Here is the 1949 version of your bike as depicted in the '49 full line catalog -


----------



## Mungthetard (Jun 9, 2014)

Bob833 said:


> Hi, anyone have a lead on a reliable database for mercury bikes? I searched and came up with a few different years for the same serial number. I have seen western flyers with a similar fork and springs. It has nice deep fenders but they are chewed up a bit.  Also, is the light part of a delta rocket rays? View attachment 154681View attachment 154682



nice bike are you gonna fix her up or sell her to me ?
loop


----------



## Bob833 (Jun 10, 2014)

Thanks guys for the info, especially Fltwd57, that is really detailed information!!! I bought it for the fork and fenders but I might let her go complete, Mung. If you ever make it to Pennsylvania we might be able to work something out, shipping a whole bike is expensive. Thanks again.


----------



## Stinky_Sullivan (Jun 11, 2014)

It's not as expensive as you might think. I checked bikeflight and it will cost me $47 to ship a bike from NJ to Memphis.


----------



## Mungthetard (Jun 11, 2014)

If u want to rebuild her I have a rear rack 7572896107 text me I'll send u pics


----------



## Adamtinkerer (Jun 14, 2014)

Murray also used the Mercury name on a middleweight line in the late 50s:


----------



## Fltwd57 (Jul 2, 2014)

*1950 Mercury Fleetline*

Here you go Bob, I found a 1950 catalog pic of your bike.. Evidently that year was the first appearance of the "Fleet Line" name on the Super Deluxe models -










Martyn


----------



## Boris (Jul 2, 2014)

jpromo said:


> The P is the important letter. It's 1950 by the chart I rely on.

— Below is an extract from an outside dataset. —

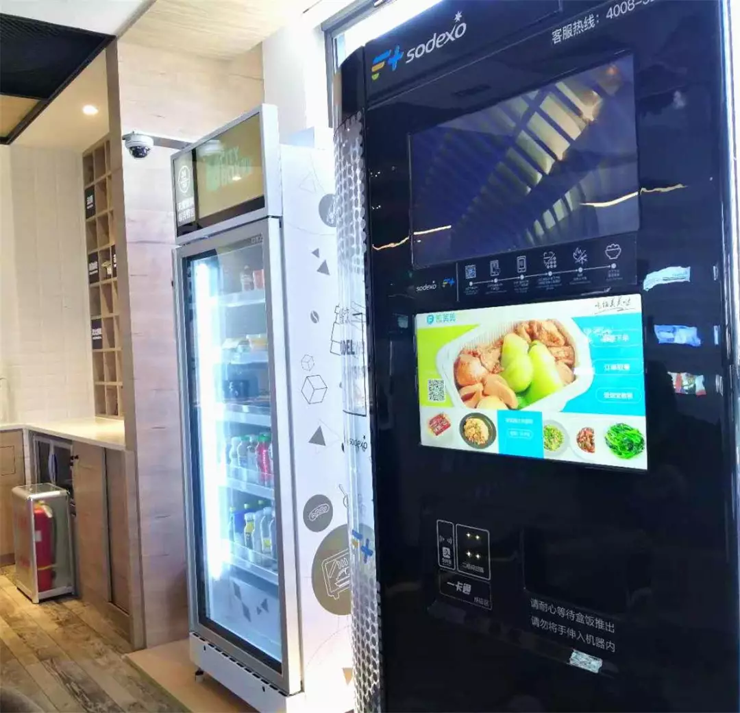 比如在索迪斯的茶水间,就摆放着一台无人零售机,员工们简单操作几步,就可以完成点餐!过不了一会即可享用热乎乎的美食,真正体验到餐饮新零售带给员工们“拿完即走”的便捷~

Could you post that chart. The chart that I looked at gives a different year, which obviously isn't correct. Great info once again Martyn!!!


----------



## Fltwd57 (Jul 2, 2014)

That's what I'm here for Dave!!  Here is the chart jpromo is referring to.. It's from a Western Auto parts list (courtesy of CABE member ABCservices) and while this chart was originally printed for referencing Murray-built Western Flyer models, they are the same letter designations Murray Ohio used on their own line of Murray/Mercury bicycles and also on the Elgin and J.C.Higgins models they produced for Sears -







Martyn


----------



## Boris (Jul 2, 2014)

Out with the old chart. In with the new! thanks again Martyn.


----------



## mickeyc (Jul 2, 2014)

*Mercury*

Murray also used the Mercury name for kids wagons.  I have my old one from the 40's.

Mike


----------



## 1969nam (Jul 15, 2015)

Thanks for posting the chart. This will help me with the Mercury bike I recently purchased from ebay. The seller stated 1948 ? Look's like the id. is located behind the crank housing. Thanks again !


----------



## 1969nam (Aug 8, 2015)

I have been working on the Mercury bike that was badly damaged a few weeks ago. I will post pictures soon. NOW for some serial number information. I purchased Brian's book......my serial # MO N  22 top line, below that is 1829  57. The seller stated a 1948, I believe my Mercury is a 1949, which would make me a happy camper, since I was born in 1949. The bike I purchased link from ebay, before damage during shipping.http://rover.ebay.com/rover/1/711-5...0001&campid=5335809022&icep_item=252025003234


----------